Оператор, явно привыкшая к истерикам, спокойным, натренированным голосом ответила, — Мэм, послушайте. Вы должны успокоиться. Аварийные службы работают, и в данный момент идет эвакуация районов. Оставайтесь дома. Выше грязь уже не поднимется.

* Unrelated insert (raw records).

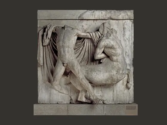 ——帕特农神庙的雕刻装饰包括九十二个墙面,展示了神话般的战争场景。神庙南侧的一系列作品展示了人类拉皮泰人与半人马的殊死搏斗。半人马一半是人,一半是马,因此他们的本性既有文明的一面,也有野蛮的一面。邻近的希腊部落拉皮特人在半人马国王佩里图斯的婚宴上犯了一个错误,给半人马喝了酒。半人马试图强奸这些妇女,他们的首领欧律提翁试图夺走新娘。随后发生了一场全面的战斗,拉皮特人最终取得了胜利。 图中,年轻的拉皮人用一只手从后面抓住半人马,同时准备用另一只手进行攻击。构图完美平衡,主角们围绕着一个由拉皮斯斗篷的层叠褶皱填充的中心空间向相反的方向拉动。
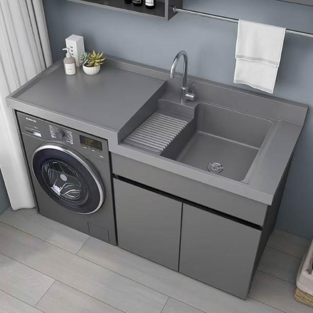 幕辭家居 Kxh洗衣櫃石英石高低盆洗衣機一體櫃陽臺洗衣槽池帶搓衣板蜂窩鋁 899
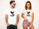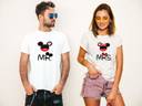 Printed Couples White T shirt Polyester T Shirt for Couple Round Neck T Shirt
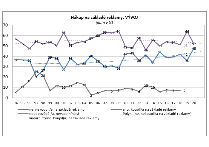 „Dlouhodobě platí, že lidí, kteří se zdráhají přiznat ovlivnění reklamou, je více než těch, kdo se k němu přiznávají. Zastoupení obou skupin od roku 2010 do loňského šetření oscilovalo na stejné hladině, v letošním roce se zvýšil podíl těch, kteří nákup na základě reklamy přiznávají na 48 %,“ podotýká autorka a zakladatelka výzkumu Jitka Vysekalová.
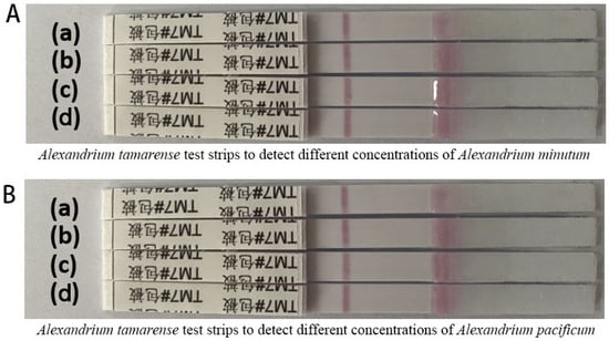 Results of using Alexandrium tamarense test strips to detect different concentrations of Alexandrium minutum and Alexandrium pacificum: (A) the concentration of Alexandrium minutum; (a) 6 × 104 cells/mL; (b) 6 × 103 cells/mL; (c) 6 × 102 cells/mL; (d) 60 cells/mL. (B) The concentration of Alexandrium pacificum: (a) 1.8 × 104 cells/mL; (b) 1.8 × 103 cells/mL; (c) 1.8 × 102 cells/mL; (d) 18 cells/mL.
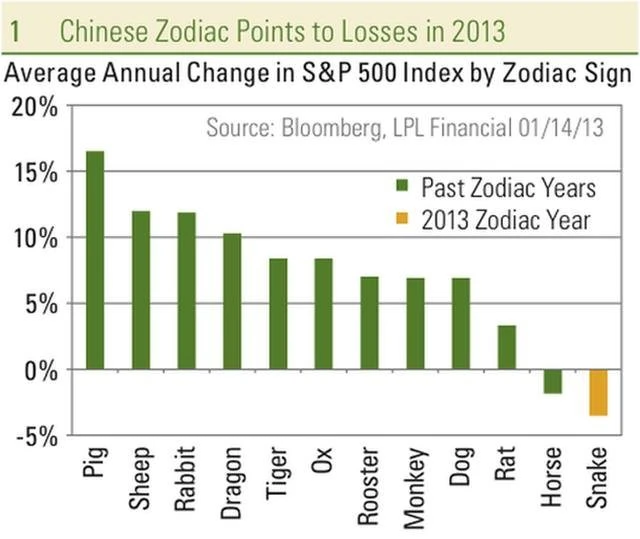 Minulý týden začal v Číně rok vodního hada. Jaký bude pro akcie, teprve uvidíme, kdyby ale minulost uměla předpovídat, nebude to žádná sláva. Akcie v letech hada totiž dosahují v průměru nejhorší výkonnosti. Od roku 1950 je totiž had pro akcie nejméně příznivým znamením.
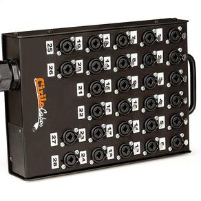O produto montado pela Cirilo Cabos é composto por 36 vias com Conectores Combo Painel. A estrutura feita em metal com pintura epóxi preto, tem uma alça para facilitar o transporte. O cabo espaguetado e numerado via-a-via orienta para usabilidade do produto.
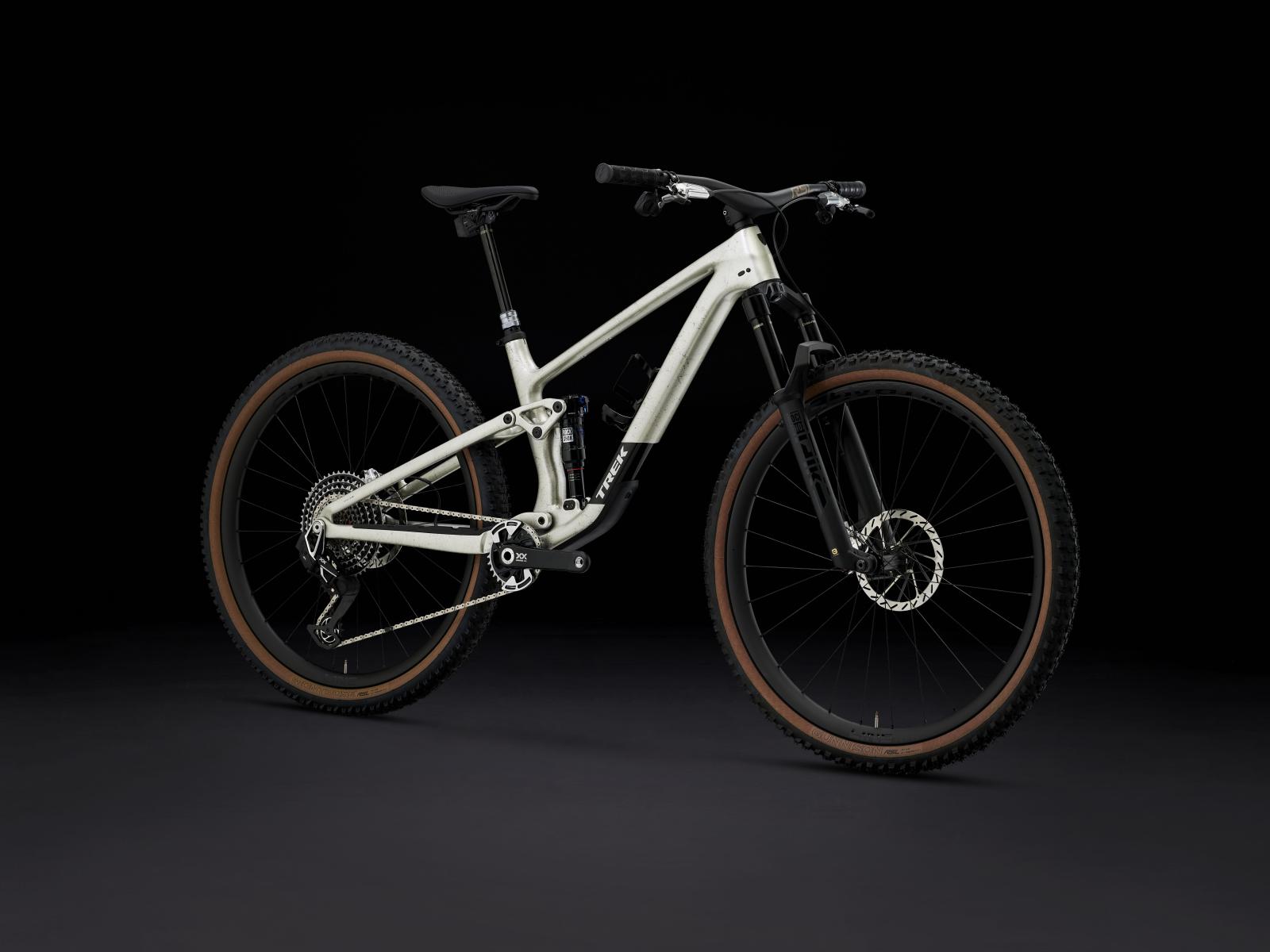 Einen Rahmen aus OCLV Mountain Carbon mit vierfach verstellbarem Mino Link an der unteren D�mpferaufnahme zur Feinanpassung der Rahmengeometrie und des Hebelverh�ltnisses des Fahrwerks. Eine RockShox Pike Ultimate Gabel mit 130 mm Federweg, DebonAir Luftfeder und Charger 3.1 RC2 D�mpfung sowie einen RockShox Deluxe Ultimate RCT Hinterbaud�mpfer mit 120 mm Federweg. Abgerundet wird die Ausstattung von einer ultraleichten drahtlosen SRAM XX AXS Transmission, hydraulischen SRAM Level Ultimate 4-Kolben-Scheibenbremsen, einer RockShox Reverb AXS Variosattelst�tze und Bontrager Line Pro 30 Tubeless-Ready-Carbonlaufr�dern.
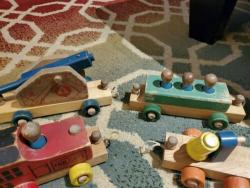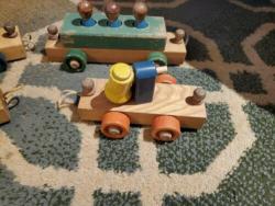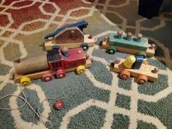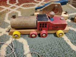 | Description | A nearly complete war-time version of Holgate #1212 Activity Train. This version, instead of having pegs and rings, has am artillery piece, a double spotlight, and a troop carrier with three soldiers and an additional block. A fourth early painted soldier serves as engineer. Nearly complete, with pull string and ball. Missing only one of the spotlights. Locomotive is marked "12", as in Holgate #1212 Activity Train (wartime). "JR", Jarvis Rockwell's initials, are on the artillery piece. *** Need to find this in the literature *** |
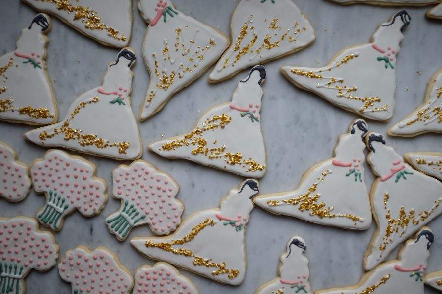 The bride cookie for Caroline’s wedding showers was one of my favorites. To get clean edges I always chill the cutout shaped dough on the cookie sheets before baking. When frosting I always outline the cookie with royal icing piped from a pastry bag with a #2 tip. I then flood the entire surface, usually with simple white frosting, let it harden a bit and then decorate simply or with abandon.
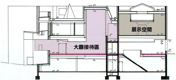 靜態的「展示空間」與動態的「附屬服務空間」以帶狀的樓梯聯繫/區隔。
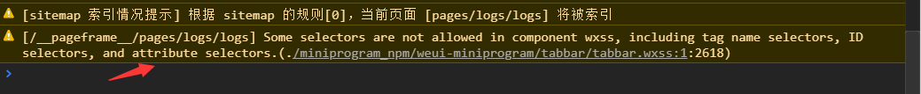 在log页什么都没做有Some selectors are not allowed in component wxss, including tag name selectors, ID selectors, and attribute selectors这个提示?
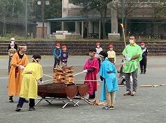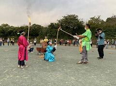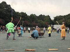 まだ明るさが残る中ですが,全員が見守る中,火の神から火の精に火が分け与えられます。
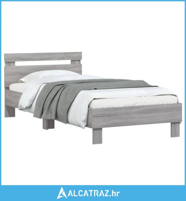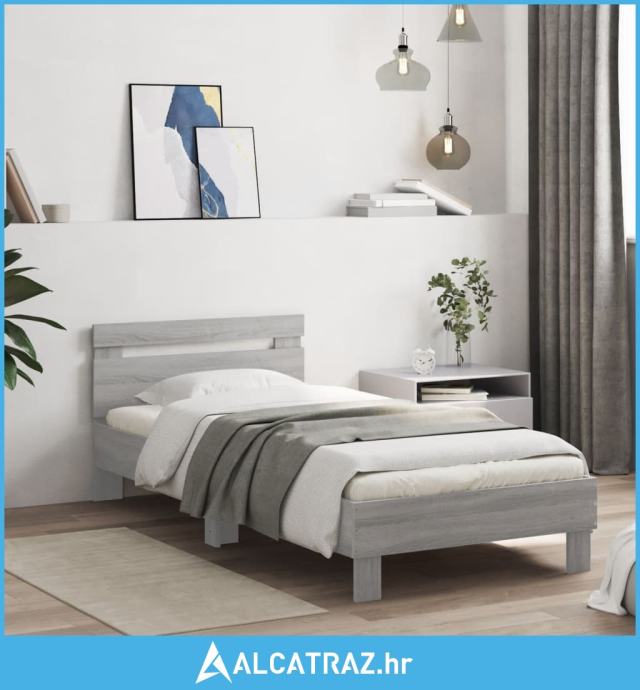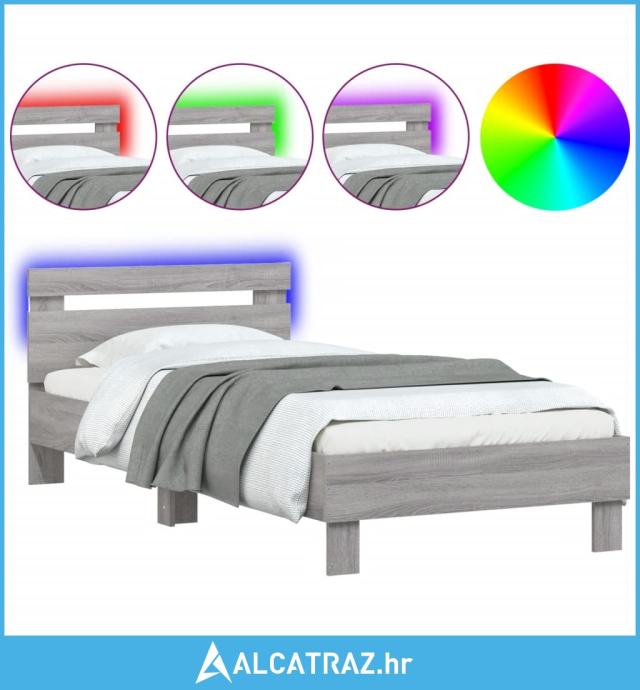Okvir za krevet s uzglavljem i LED svjetlima boja sivog hrasta - NOVO

К тому же…
— ВЫ СЛЫШАЛИ, ЧТО Я ВАМ СКАЗАЛА?
— Мэм, я понимаю, что…
— ВЫ НИ ХРЕНА НЕ ПОНИМАЕТЕ!
— Мэм, пожалуйста, вам нужно…
— ПОСЛУШАЙТЕ, ЧЕРТ ВАС ПОДЕРИ! — закричала Кэтлин. — МЕНЯ ЗОВУТ КЭТЛИН МАКЕНРИДЖ, АДРЕС КЭМБЕРЛИ, ПАЙН-СТРИТ, 2112! ПОНЯЛИ? ОТЛИЧНО! МОЙ МУЖ ПРОПАЛ! ПОХОЖЕ, ЕГО УБИЛА ГИГАНТСКАЯ ГРЕБАНАЯ ЗМЕЯ, ПОЯВИВШАЯСЯ ИЗ ЭТОЙ ГРЕБАНОЙ ГРЯЗИ! ПОНЯЛИ? ЧТО, ЧЕРТ ВОЗЬМИ, ВЫ СОБИРАЕТЕСЬ С ЭТИМ ДЕЛАТЬ?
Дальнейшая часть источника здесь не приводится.